Wie geht es in Wiesmoor weiter?

Und was ist mit der halben Stelle im Kirchspiel Wiesmoor/Großefehn, die nach Streit aus der „Zwangsehe“ der Marcardsmoorer Kreuzkirchengemeinde mit der Friedenskirche in Wiesmoor gelöst wurde? „Die fällt an die Gemeinde in Wiesmoor“, sagt Tido Janssen. Gremienentscheidungen über die Zukunft der Stelle und eine Änderung des Stellenplans gab es nach Informationen der Redaktion allerdings nicht.

Die halbe Stelle wird laut Tido Janssen schon jetzt und bis auf Weiteres je zur Hälfte von den Wiesmoorer Pastorinnen Eva Caesar und Sabine Bohlen ausgefüllt.

Einsparungen bei Diakonie? Zusammenlegung von Gemeinden?

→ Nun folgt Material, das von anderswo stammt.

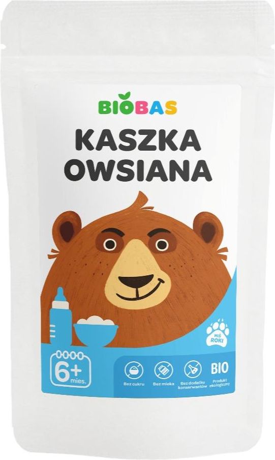 Kaszka Owsiana Bezmleczna EKOLOGICZNA Bez cukru Dla Dzieci 200g / BIOBAS Kaszka Owsiana 200g / BioBas Ekologiczna kaszka owsiana BioBas to delikatna i pożywna kaszka przygotowana z pełnoziarnistego owsa. Dzięki wysokiej wartości odżywczej i łagodnemu smakowi doskonale sprawdza się jako jedna z pierwszych kaszek w diecie niemowlęcia – już od 4/6 miesiąca życia. Owies jest ceniony za zawartość błonnika, witamin i minerałów, dlatego kaszka owsiana to nie tylko zdrowy posiłek dla najmłodszych, ale także świetna propozycja dla starszych dzieci i dorosłych. Dlaczego warto wybrać kaszkę owsianą BioBas? Ekologiczna – Seria BioBas to certyfikowane kaszki i płatki z najlepszej jakości składników ekologicznych. Źródło błonnika (beta-glukany) – wspiera trawienie i reguluje poziom cukru. Witaminy z grupy B – korzystne dla układu nerwowego i przemiany materii. Minerały (żelazo, magnez, cynk, fosfor) – wspomagają odporność, kości i mięśnie. Naturalnie sycąca – zapewnia energię na dłużej. Naturalny skład – bez cukru, konserwantów i GMO. Uniwersalna – świetna zarówno dla niemowląt, starszych dzieci, jak i dorosłych. Jak podawać kaszkę owsianą BioBas? Dla niemowląt i małych dzieci Jako pierwszą kaszkę na mleku modyfikowanym lub wodzie, Z dodatkiem musu owocowego (jabłko, banan, gruszka), W formie kremowej, lekkostrawnej papki. Dla starszych dzieci i dorosłych Jako owsianka na śniadanie z owocami i bakaliami, Baza do placuszków, ciastek czy deserów, Dodatek do zup mlecznych i koktajli. Sposób przygotowania kaszki owsianej Butelka misiowej kaszki: 2 płaskie łyżki* kaszki, 200ml mleka/wody. Miska misiowej kaszki: 4 płaskie łyżki* kaszki, 200ml mleka/wody * 1 Płaska łyżka = 8g Do zimnego mleka lub wody wsyp odpowiednią ilość kaszki. Zagotuj mieszając. Gotuj jeszcze przez 2-3 minuty, ciągle mieszając. Letnią kaszkę przelej do butelki lub miski. Starszym dzieciom możesz dodać owoce, dżem, konfiturę, masło lub czekoladę. Smacznego! Specyfikacja kaszki owsianej BioBas Składniki: kaszka owsiana* *składniki z certyfikowanych upraw ekologicznych. Na terenie zakładu produkowane są produkty zawierające gluten i soję. Wartość odżywcza w 100g kaszki owsianej Wartość energetyczna: 1580kJ / 375kcal Tłuszcz: 7,2g (w tym kwasy tłuszczowe: 1,3g) Węglowodany: 62g (w tym cukry*: 0,9g) Błonnik: 6,9g Białko: 12g Sól**: 0,01g *Bez dodatku cukrów. Zawiera naturalnie występujące cukry. **Zawartość soli wynika wyłącznie z obecności naturalnie występującego sodu. Przechowywanie produktu: Przechowywać w suchym i chłodnym miejscu. Pamiętaj o szczelnym zamknięciu opakowania. Certyfikat: PL-EKO-01 (Ekologiczne Rolnictwo UE) Kraj pochodzenia: rolnictwo UE Waga: 200g Producent Naturo Sp. z o. o. Elizówka, ul. Szafranowa 6 Hala H1 21-003 Ciecierzyn Daty przydatności serii BIOBAS Kaszka Manna 04.11.2025 Kaszka Owsiana 25.08.2026 Kaszka Orkiszowa 22.10.2025 Kaszka Gryczana 14.01.2026 Kaszka Jaglana 17.12.2025 Kaszka Ryżowa 04.02.2026 Płatki Orkiszowe 06.06.2026 Płatki Gryczane 14.11.2025 Płatki Owsiane 06.04.2026 Płatki Jaglane 17.12.2025

In Dokumenten zur Synode, die unserer Redaktion vorliegen, listet der Kirchenkreis weitere Möglichkeiten zum Sparen auf: Über die Gedankenspiele hinaus, weitere pfarramtliche Verbindungen zu schaffen und Gesamtkirchengemeinden zu bilden, stehen Ideen im Raum, die Dienstbeschreibungen für Pastoren zu ändern, zugleich aber auch bei der Diakonie und der Verwaltung einzusparen – besonders bei der Fachstelle Sucht, heißt es. Konkret dazu äußerte sich Janssen auf Nachfrage nicht. Man habe „einen Beratungsprozess mit dem Diakonischen Werk in Niedersachsen durchlaufen“, wolle „Prozesse optimieren“ und habe „gewisse Strukturveränderungen vorgenommen“.